First of all you are not incrementing i or j so you are not moving anywhere in scanning the given word,
But I’d propose a better solution to this problem:

print("giraffe language")

def giraffe_lang():
    word = list(input("Enter a word: ").lower())
    vowels = ('a', 'e', 'i', 'o', 'u')
    for i in range(len(word)):
        if word[i] in vowels:
            word[i] = 'g'
    print("your word is "+"".join(word).capitalize())

giraffe_lang()
print("giraffe language")
def giraffe_lang():
  word=input("enter the word:")
  i=0
  j=0
  vowels=['a','e','i','o','u']
  while i<len(word):
    while j<5:
        if word[i]==vowels[j]:
            word[i]=vowels[j]
            j=5
        j=j+1
    i=i+1
  print("your word is"+word)
giraffe_lang()

i’ve added the incrementation… but still the program goes error

You cannot modify strings in Python,
In order to change the specific char - word[i]=vowels[j]
You must convert the string into a list - word = list(input("Enter a word: ").lower())
And when you print convert the list into a string - print("your word is "+"".join(word).capitalize())

look at this snippet.
ignoring syntax and logic errors for a moment, the letter g is never used in your code so I would say it is impossible to change the vowels to g if you never use the g in your code

My personal suggestion, this is the point to move to regular expressions. While they may not be the fastest solution in Python circumstances, I think it’s an important aspect to learn and master-- also it’s designed for pretty much exactly what you want to do.

Python regular expressions (the re module in Python) has as method re.sub() for substituting, or replacing, regular expression matches with some other character set. Pretty much exactly what you appear to need (I think).

import re
phrase = "The rain in Spain"
altered_phrase = re.sub("[aeiou]", "g", phrase)  # replace any a, e, i, o, or u in phrase with g
print(altered_phrase)
# Thg rggn gn Spggn

Explanation

You are currently using a while loop in your code…well 2 actually. Specifically, the while i<len(word) portion is creating an infinte loop that never ends, no bueno.
While loops are useful for a lot of situations, but (in my opinion) it should be a last resort choice of loop, because of its risk of never ending the loop.
The variable i is never changed within your loop, it will never be incremented to 5, and therefore will never satisfy the end condition of this loop… Infinite Looping ensues. Using the regular expression example above, an additional while loop(s) isn’t required, so hurrah. But if you want to do this the non-regular expression way, that’s possible too! And easy.
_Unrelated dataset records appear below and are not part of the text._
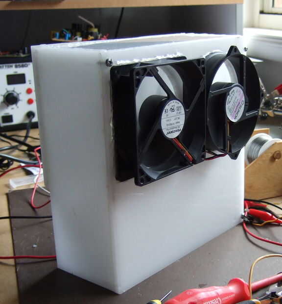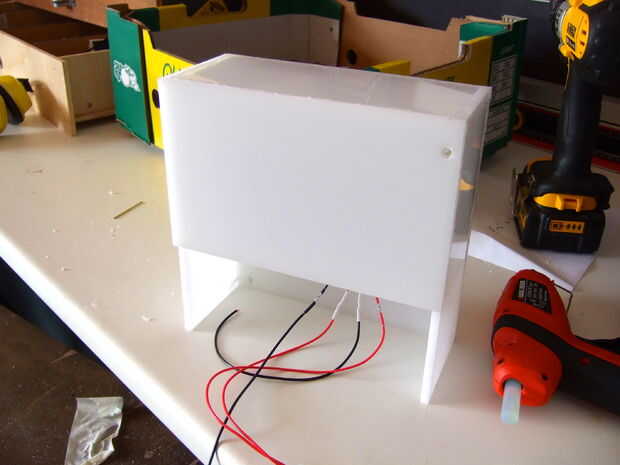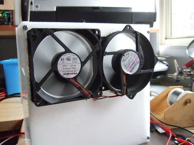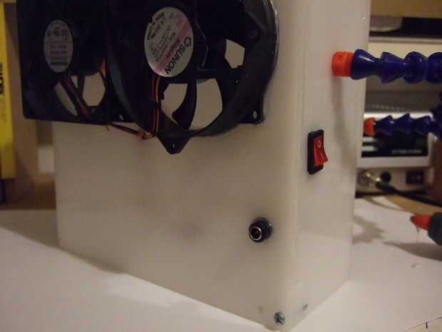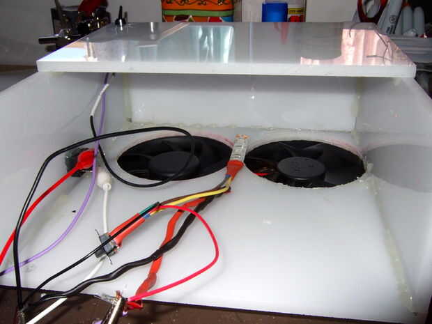 Pegamento caliente todas las piezas juntas, después de cortar los agujeros para los ventiladores.
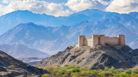 An ancient fortress stands proudly on a rocky mountain, surrounded by stunning landscapes and majestic mountains. A perfect destination for adventurers and history lovers.
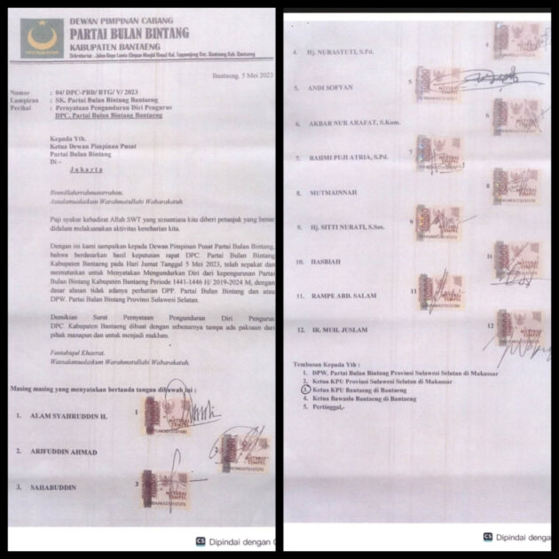 Dalam surat yang ditujukan kepada DPP Partai Bulan Bintang di Jakarta, bernomor :04/DPC-PBB/BTG/V/2023 dengan lampiran SK Partai Bulan Bintang Bantaeng periode 2019-2024 tersebut, di jelaskan keputusan mundurnya pengurus DPC PBB Bantaeng berdasarkan rapat DPC pada hari Jumat, 5 Mei 2023.
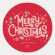 Typographie moderne Sticker rouge Joyeux Noël Classic rond. Stickers de Noël Joyeux moderne Tags cadeaux. Cliquez sur le bouton Modifier/Personnaliser pour customiser cette conception avec votre texte.
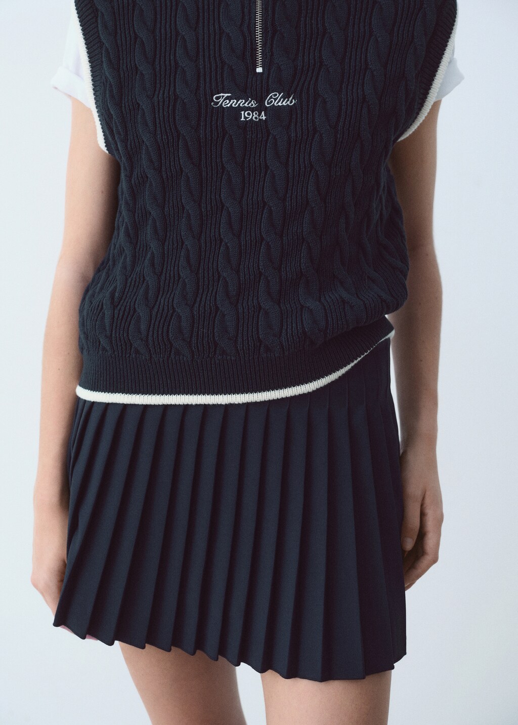 Fine-knit fabric. Braided knit. Straight design. Embroidered message. High collar. Sleeveless. Size: 28.5x8x2 cm. Contrast trims. Godo Collection.

Additionally, I’d like to point out that in Python, the non-regular expression way can be accomplished without any while loops at all, because for loops will also work. for loops are often better choices in Python than while loops if possible (especially for any beginners) because even if things don’t go as planned, the loop will still usually end eventually.

Consider this:

word = 'test'
i = 0
while i<len(word):
    print(i)
# infinitly prints 0 and hopefully crashes magnificently

This is a problem, because i is never incremented to satisfy the end conditions of the while loop. Compared to:

for x in range(len(word)):  #evaluates to: for x in [0, 1, 2, 3]
    print(x)
# I'm using x instead of i here as the iterable name, because the name "i" is often
# reserved for an index value, rather than the actual lookup value (x, in this case)
# prints 0, 1, 2, 3

The second example always ends and requires no explicit variable manipulation ( of i) to accomplish that. When working in Python and constructing a while loop I always ask myself if a while loop or a for loop is more useful in my circumstances. Often, but not always, a for loop is actually what I’m after.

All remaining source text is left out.